**TASK**
Give again, exactly as written, the lines of the records below from the line with "I found a good" to the line with "6. Trên cửa". Both end lines count; pictures do not.

::: DATA FOR THIS TASK :::

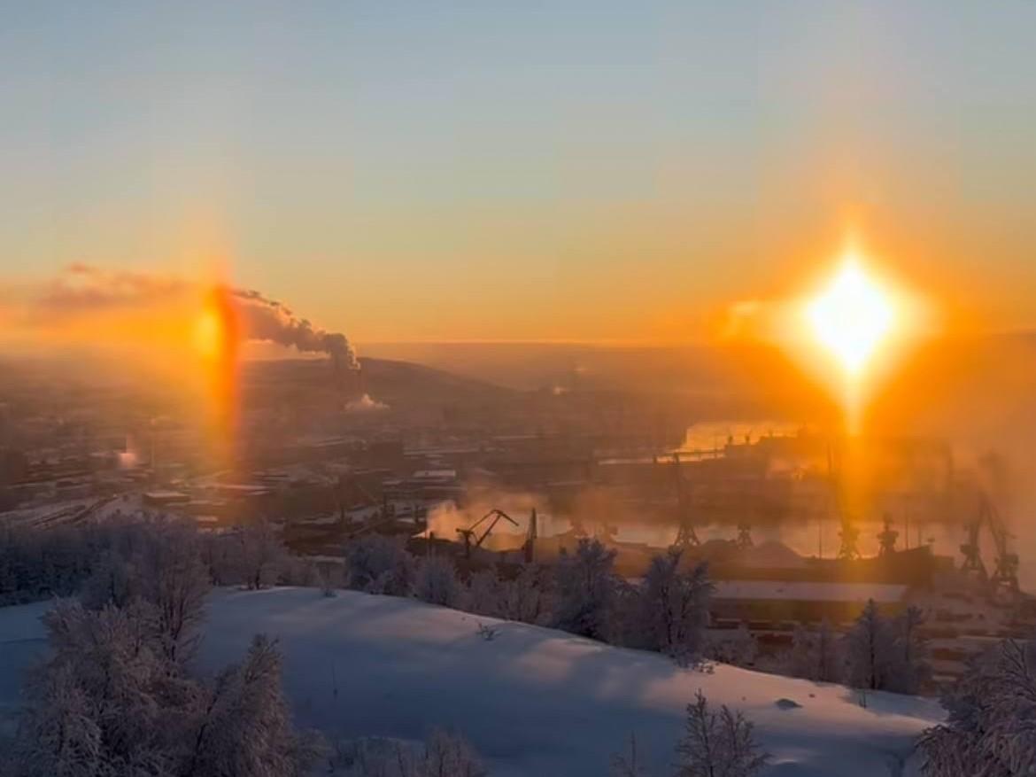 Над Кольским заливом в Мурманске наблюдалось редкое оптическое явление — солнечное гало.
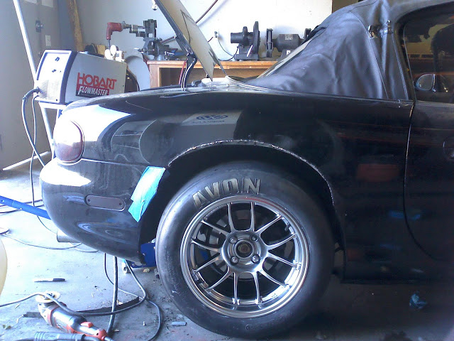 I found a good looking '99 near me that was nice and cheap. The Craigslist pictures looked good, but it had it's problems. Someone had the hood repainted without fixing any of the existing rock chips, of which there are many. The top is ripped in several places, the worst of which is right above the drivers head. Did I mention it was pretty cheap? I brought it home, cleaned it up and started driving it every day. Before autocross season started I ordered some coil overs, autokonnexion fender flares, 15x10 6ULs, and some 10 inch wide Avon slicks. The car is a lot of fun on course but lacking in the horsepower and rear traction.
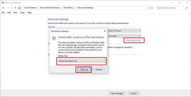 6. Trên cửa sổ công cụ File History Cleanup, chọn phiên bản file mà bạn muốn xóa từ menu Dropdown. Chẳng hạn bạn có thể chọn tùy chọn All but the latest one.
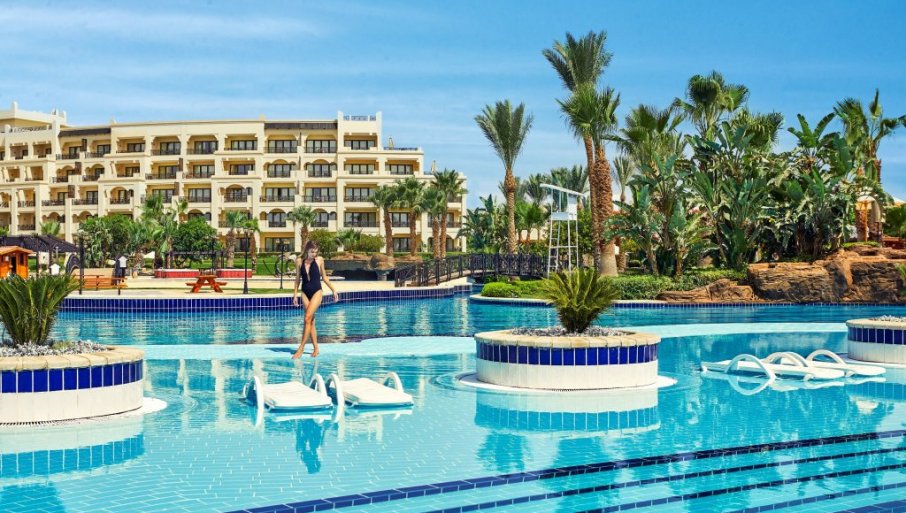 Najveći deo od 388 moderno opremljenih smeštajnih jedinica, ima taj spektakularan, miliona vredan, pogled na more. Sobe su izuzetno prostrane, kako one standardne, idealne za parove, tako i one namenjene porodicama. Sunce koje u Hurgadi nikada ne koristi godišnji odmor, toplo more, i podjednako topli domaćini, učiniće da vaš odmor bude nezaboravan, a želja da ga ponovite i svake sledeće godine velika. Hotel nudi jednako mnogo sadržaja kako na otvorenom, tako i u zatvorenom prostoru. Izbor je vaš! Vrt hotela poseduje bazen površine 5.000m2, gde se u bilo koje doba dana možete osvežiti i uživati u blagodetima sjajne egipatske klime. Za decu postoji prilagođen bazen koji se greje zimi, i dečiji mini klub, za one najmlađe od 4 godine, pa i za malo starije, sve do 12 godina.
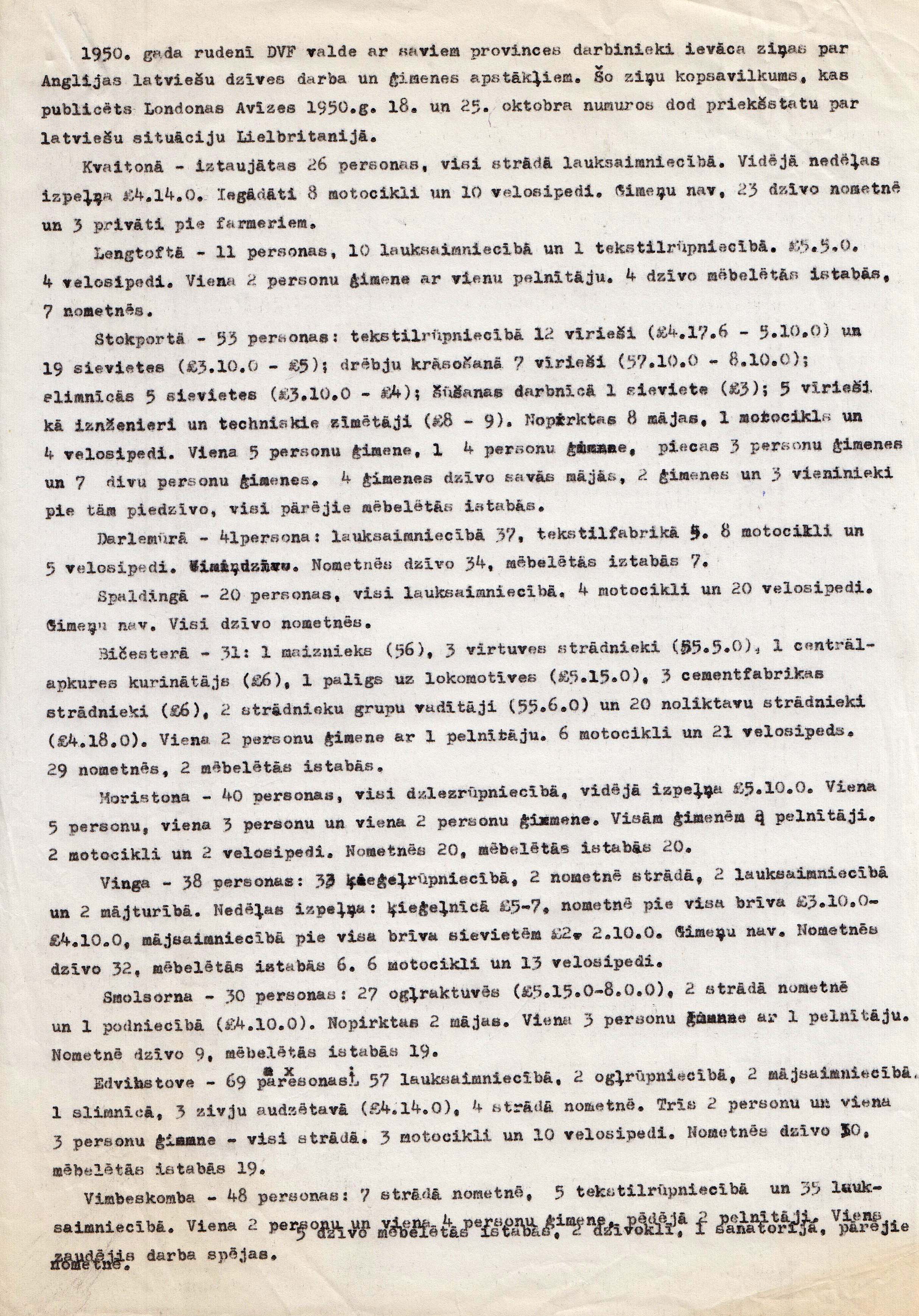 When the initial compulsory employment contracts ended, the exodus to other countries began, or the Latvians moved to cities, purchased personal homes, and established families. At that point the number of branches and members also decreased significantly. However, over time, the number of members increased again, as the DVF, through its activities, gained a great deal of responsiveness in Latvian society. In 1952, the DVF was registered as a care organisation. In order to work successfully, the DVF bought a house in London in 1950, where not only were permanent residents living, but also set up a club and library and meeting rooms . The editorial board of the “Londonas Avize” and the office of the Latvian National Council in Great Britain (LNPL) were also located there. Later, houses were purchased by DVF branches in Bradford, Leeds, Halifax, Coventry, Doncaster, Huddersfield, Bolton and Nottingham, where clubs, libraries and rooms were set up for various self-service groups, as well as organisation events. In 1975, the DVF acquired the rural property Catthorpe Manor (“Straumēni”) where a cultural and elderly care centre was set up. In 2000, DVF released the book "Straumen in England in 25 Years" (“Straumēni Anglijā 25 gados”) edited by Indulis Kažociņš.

:::
::: DATA FOR THIS TASK :::

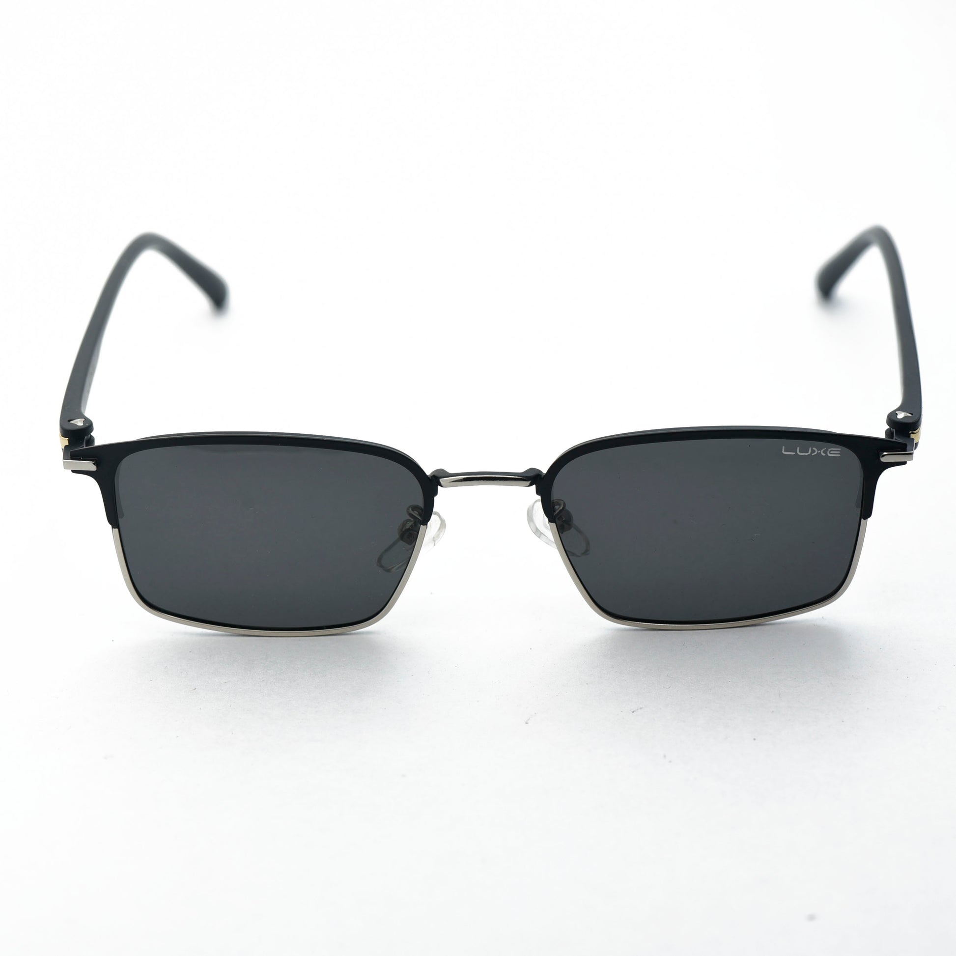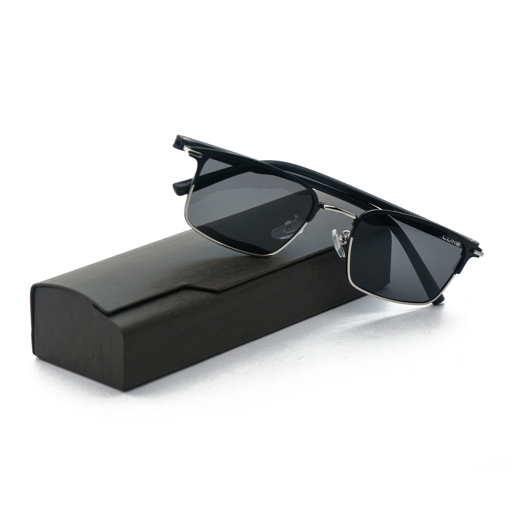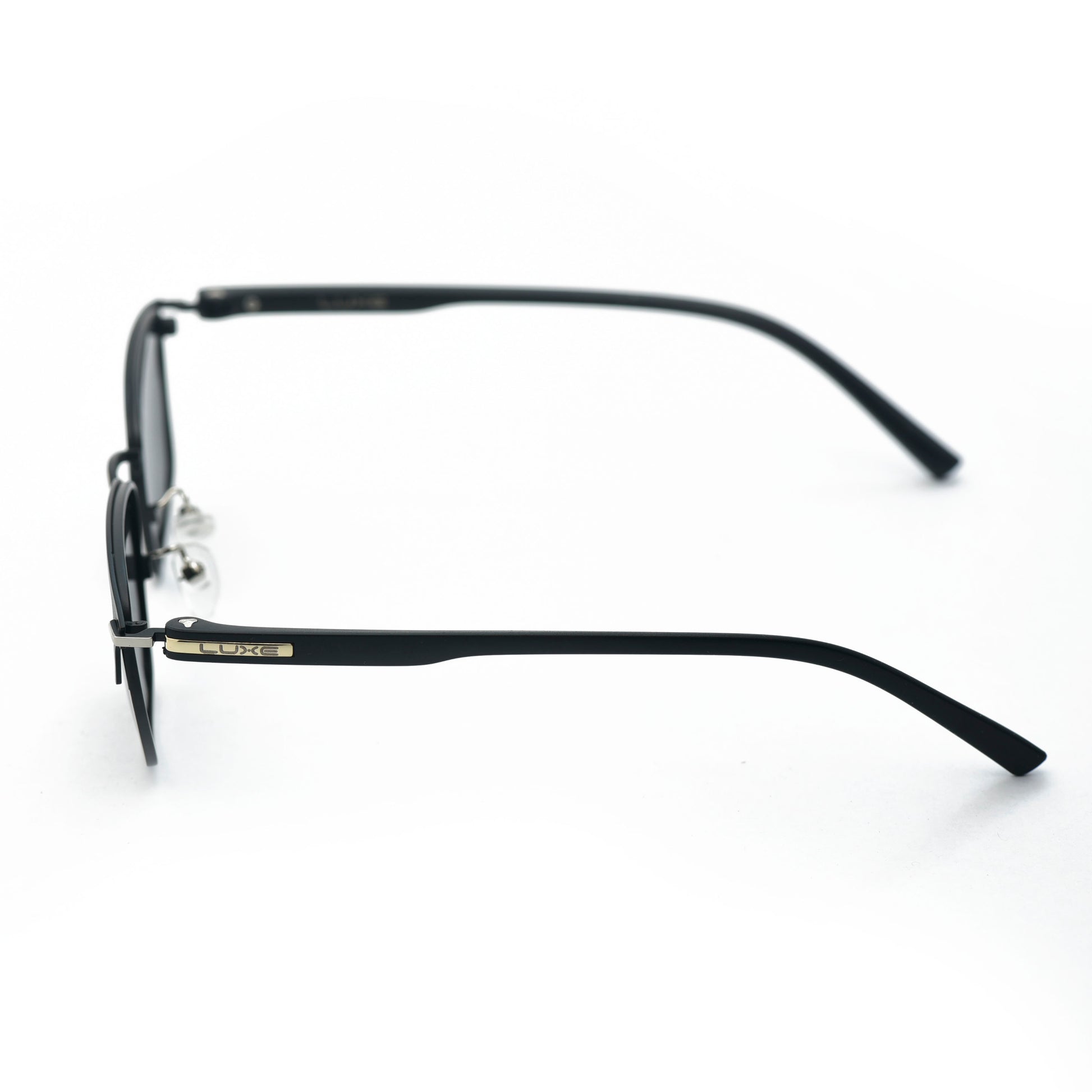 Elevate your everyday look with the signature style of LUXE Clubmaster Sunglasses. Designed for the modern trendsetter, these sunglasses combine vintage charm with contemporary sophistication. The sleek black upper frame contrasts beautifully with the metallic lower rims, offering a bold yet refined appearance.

:::
::: DATA FOR THIS TASK :::

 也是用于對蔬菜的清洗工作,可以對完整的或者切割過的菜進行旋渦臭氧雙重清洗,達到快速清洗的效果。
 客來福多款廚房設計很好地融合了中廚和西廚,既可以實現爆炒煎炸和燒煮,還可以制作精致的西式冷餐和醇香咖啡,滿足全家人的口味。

:::

**OUTPUT**
 I found a good looking '99 near me that was nice and cheap. The Craigslist pictures looked good, but it had it's problems. Someone had the hood repainted without fixing any of the existing rock chips, of which there are many. The top is ripped in several places, the worst of which is right above the drivers head. Did I mention it was pretty cheap? I brought it home, cleaned it up and started driving it every day. Before autocross season started I ordered some coil overs, autokonnexion fender flares, 15x10 6ULs, and some 10 inch wide Avon slicks. The car is a lot of fun on course but lacking in the horsepower and rear traction.
 6. Trên cửa sổ công cụ File History Cleanup, chọn phiên bản file mà bạn muốn xóa từ menu Dropdown. Chẳng hạn bạn có thể chọn tùy chọn All but the latest one.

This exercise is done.